**PROBLEM DETAILS**: Find the line below with "Die hoteleigene Motoryacht" and the line with "El ingreso laboral". Output exactly those lines and everything between them, leaving out the pictures.

**MATERIAL SUPPLIED**:
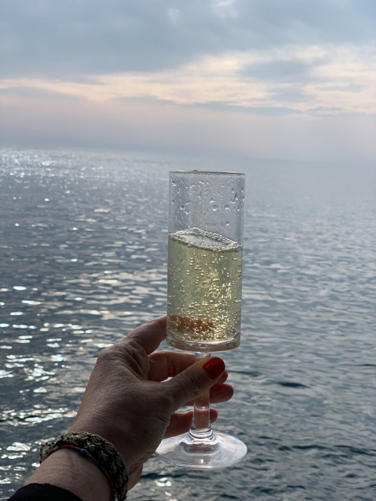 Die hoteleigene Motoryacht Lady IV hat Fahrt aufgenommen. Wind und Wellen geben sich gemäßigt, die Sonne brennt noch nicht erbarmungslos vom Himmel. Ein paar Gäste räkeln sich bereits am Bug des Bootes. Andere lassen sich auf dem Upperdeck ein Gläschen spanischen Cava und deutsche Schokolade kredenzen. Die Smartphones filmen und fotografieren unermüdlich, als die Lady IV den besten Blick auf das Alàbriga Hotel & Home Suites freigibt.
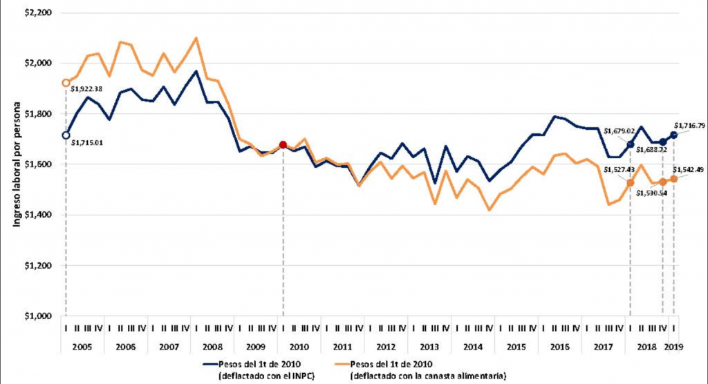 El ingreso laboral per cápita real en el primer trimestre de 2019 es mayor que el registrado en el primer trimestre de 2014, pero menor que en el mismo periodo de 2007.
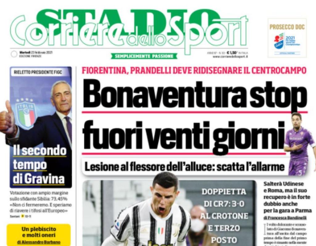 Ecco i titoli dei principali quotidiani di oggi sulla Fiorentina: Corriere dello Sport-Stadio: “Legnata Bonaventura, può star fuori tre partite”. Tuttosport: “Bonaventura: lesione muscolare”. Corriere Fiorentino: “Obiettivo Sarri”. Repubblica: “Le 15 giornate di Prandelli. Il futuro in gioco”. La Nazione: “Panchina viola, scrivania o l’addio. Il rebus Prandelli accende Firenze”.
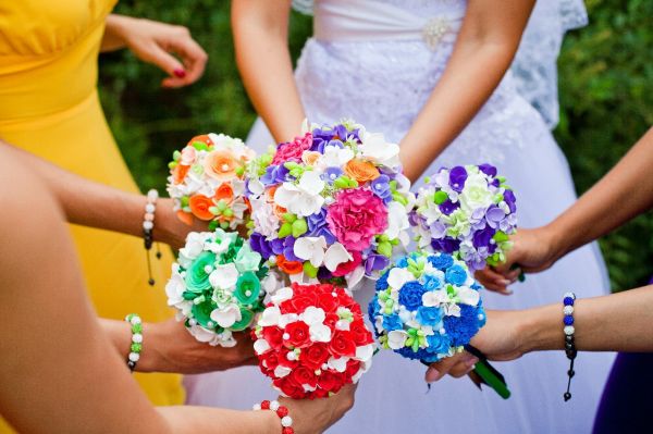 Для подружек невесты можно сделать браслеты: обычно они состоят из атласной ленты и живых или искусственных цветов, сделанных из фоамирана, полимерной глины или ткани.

...

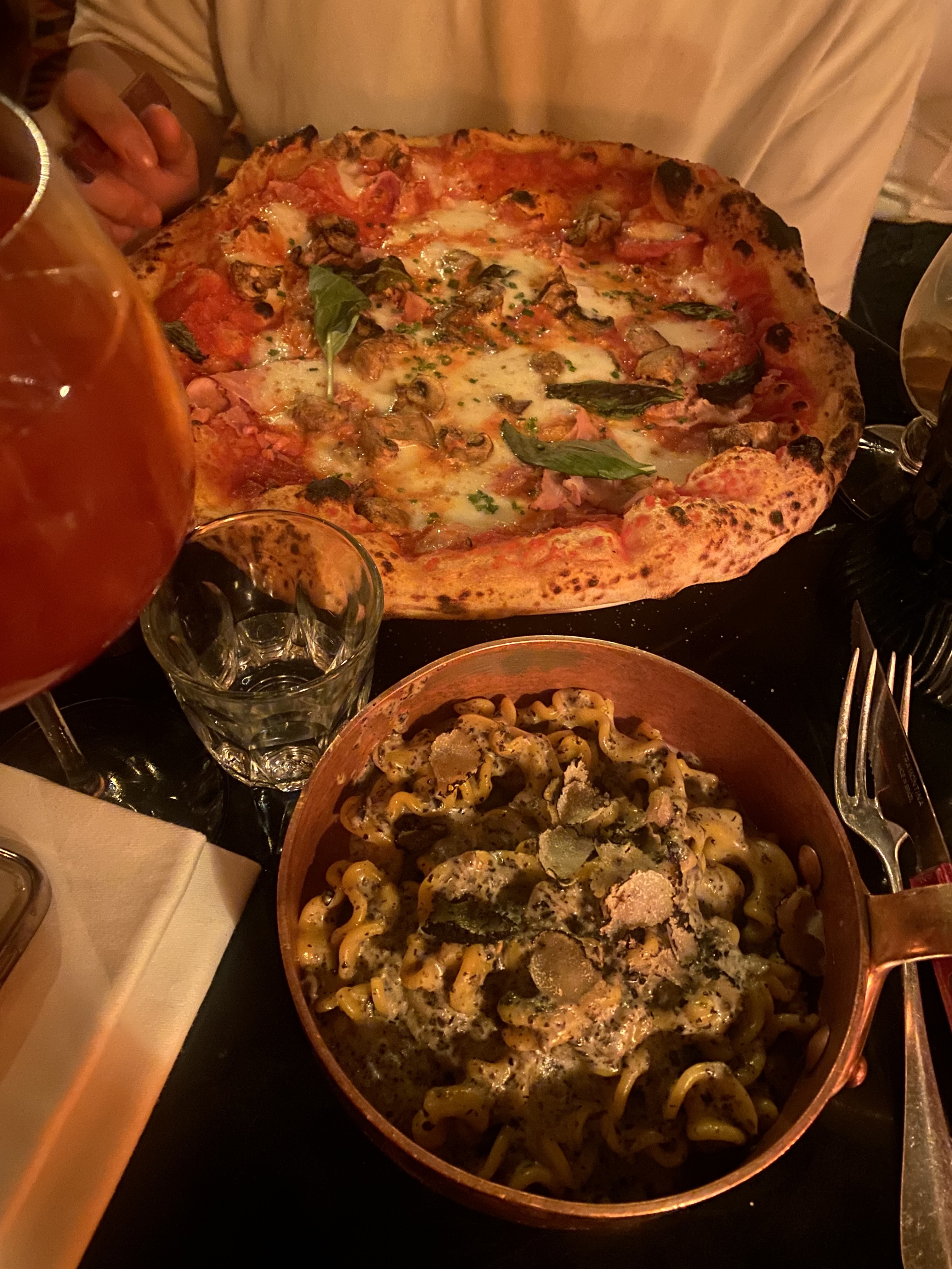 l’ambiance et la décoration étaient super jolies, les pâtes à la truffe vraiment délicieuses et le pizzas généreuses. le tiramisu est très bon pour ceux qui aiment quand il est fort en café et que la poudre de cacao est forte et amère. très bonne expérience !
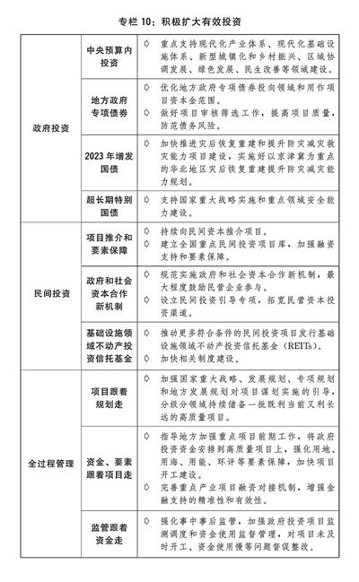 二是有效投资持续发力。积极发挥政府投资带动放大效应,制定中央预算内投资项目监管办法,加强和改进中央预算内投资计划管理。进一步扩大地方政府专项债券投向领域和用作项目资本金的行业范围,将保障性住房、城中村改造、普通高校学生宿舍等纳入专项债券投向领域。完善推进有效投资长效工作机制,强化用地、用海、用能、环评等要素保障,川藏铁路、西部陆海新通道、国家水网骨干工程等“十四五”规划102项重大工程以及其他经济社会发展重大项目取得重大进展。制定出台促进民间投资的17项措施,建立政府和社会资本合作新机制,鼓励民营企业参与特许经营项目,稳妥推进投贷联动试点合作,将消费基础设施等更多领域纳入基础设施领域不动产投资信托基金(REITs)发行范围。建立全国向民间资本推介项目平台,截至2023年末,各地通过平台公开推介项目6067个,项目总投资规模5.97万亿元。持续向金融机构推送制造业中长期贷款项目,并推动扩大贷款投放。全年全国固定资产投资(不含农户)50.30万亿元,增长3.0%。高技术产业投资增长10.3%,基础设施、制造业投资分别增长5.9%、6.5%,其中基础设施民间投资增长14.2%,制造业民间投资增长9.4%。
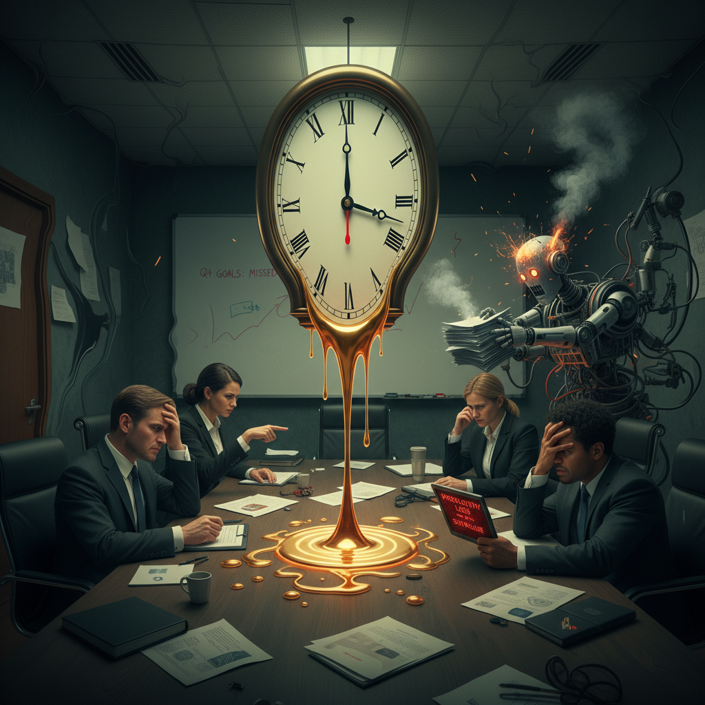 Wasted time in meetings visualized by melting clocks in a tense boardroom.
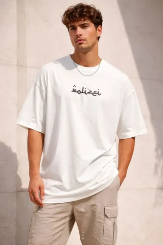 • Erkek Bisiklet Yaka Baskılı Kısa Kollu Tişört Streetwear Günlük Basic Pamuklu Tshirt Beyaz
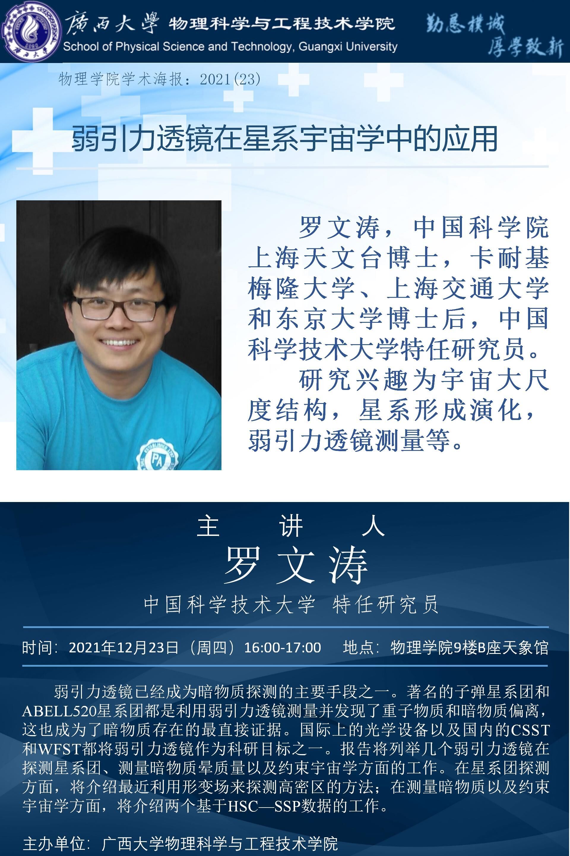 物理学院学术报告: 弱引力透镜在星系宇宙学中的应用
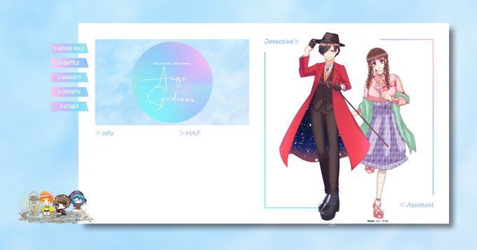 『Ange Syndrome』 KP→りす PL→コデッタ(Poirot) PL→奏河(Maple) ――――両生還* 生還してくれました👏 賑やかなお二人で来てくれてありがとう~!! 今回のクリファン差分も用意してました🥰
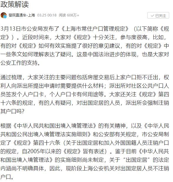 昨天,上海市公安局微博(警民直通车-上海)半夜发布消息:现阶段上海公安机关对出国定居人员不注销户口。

---

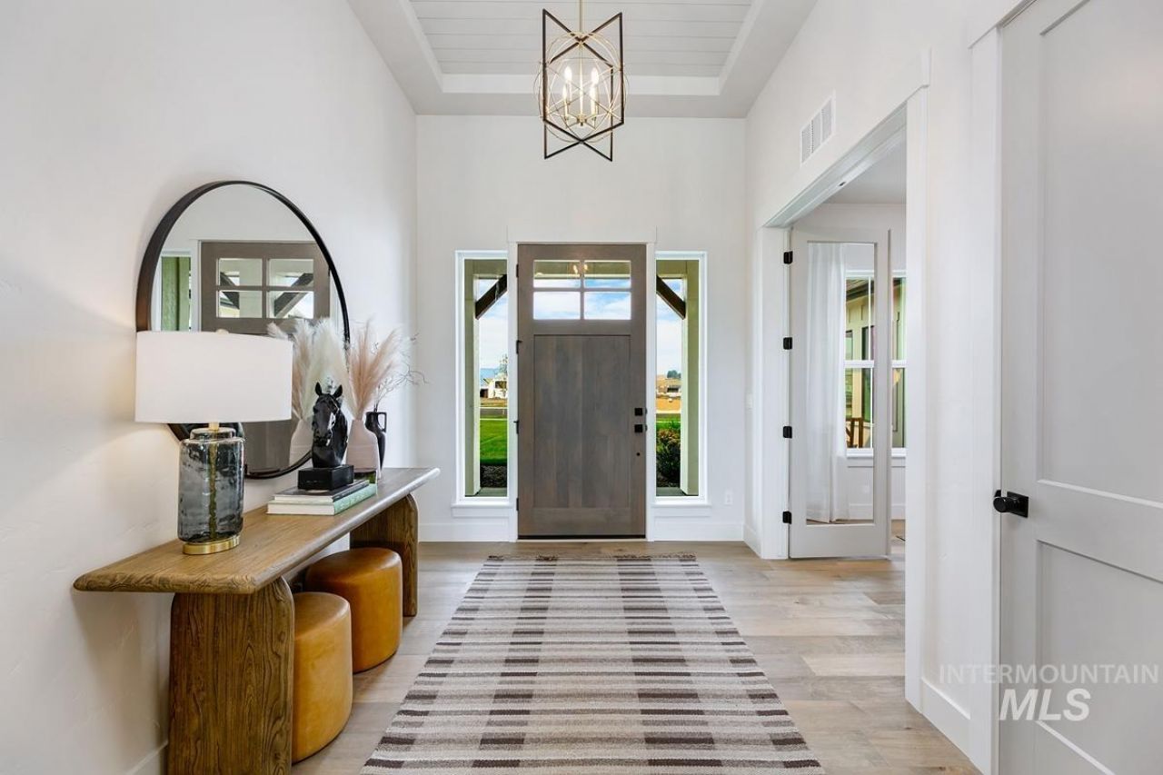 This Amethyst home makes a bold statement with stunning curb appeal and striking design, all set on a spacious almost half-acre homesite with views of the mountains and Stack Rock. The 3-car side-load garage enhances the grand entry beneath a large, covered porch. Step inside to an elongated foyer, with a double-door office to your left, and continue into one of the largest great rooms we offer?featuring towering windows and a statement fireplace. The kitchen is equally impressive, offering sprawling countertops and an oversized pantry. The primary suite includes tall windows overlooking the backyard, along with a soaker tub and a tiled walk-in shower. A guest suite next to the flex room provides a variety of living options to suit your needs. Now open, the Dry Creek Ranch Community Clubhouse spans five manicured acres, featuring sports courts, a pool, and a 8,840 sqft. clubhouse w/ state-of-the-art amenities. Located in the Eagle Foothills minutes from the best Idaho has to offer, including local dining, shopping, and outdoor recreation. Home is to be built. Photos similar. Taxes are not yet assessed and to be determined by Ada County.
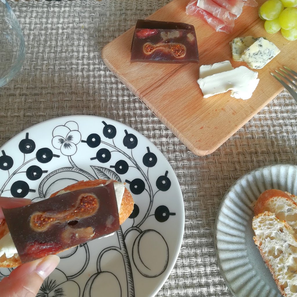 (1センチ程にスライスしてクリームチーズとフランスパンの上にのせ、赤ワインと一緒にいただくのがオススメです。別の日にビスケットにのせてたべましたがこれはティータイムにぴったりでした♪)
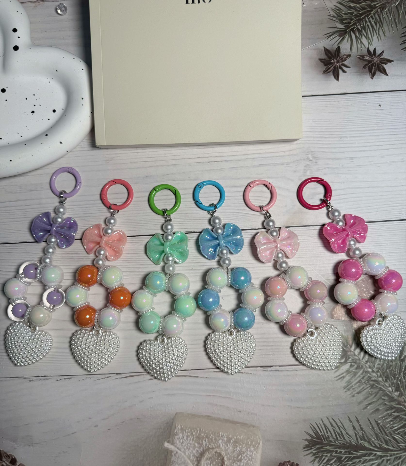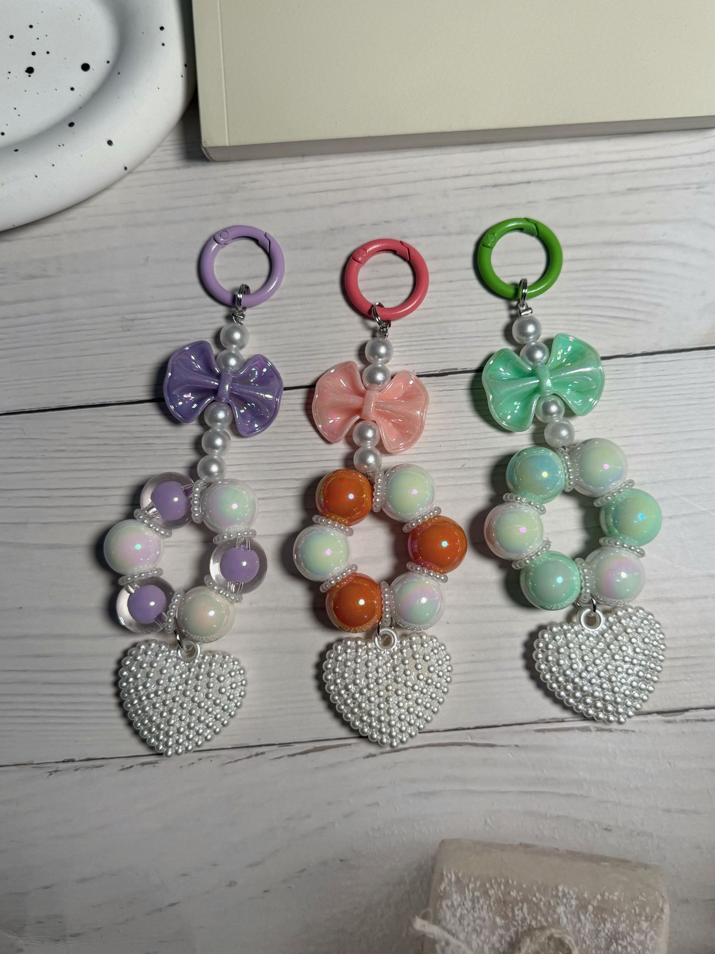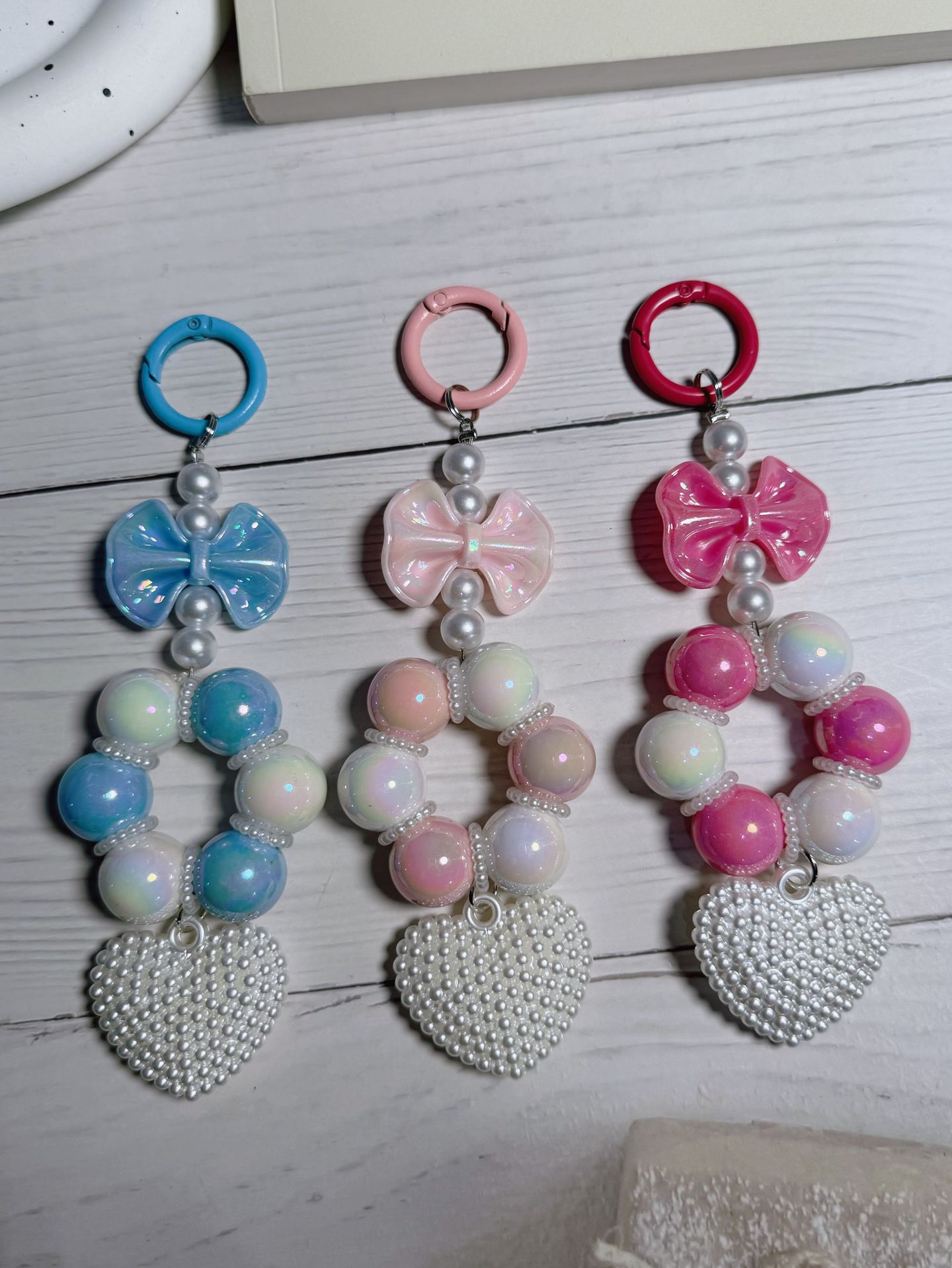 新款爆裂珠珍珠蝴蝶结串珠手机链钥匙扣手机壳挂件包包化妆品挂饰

**ANSWER TO THE PROBLEM**:
 Die hoteleigene Motoryacht Lady IV hat Fahrt aufgenommen. Wind und Wellen geben sich gemäßigt, die Sonne brennt noch nicht erbarmungslos vom Himmel. Ein paar Gäste räkeln sich bereits am Bug des Bootes. Andere lassen sich auf dem Upperdeck ein Gläschen spanischen Cava und deutsche Schokolade kredenzen. Die Smartphones filmen und fotografieren unermüdlich, als die Lady IV den besten Blick auf das Alàbriga Hotel & Home Suites freigibt.
 El ingreso laboral per cápita real en el primer trimestre de 2019 es mayor que el registrado en el primer trimestre de 2014, pero menor que en el mismo periodo de 2007.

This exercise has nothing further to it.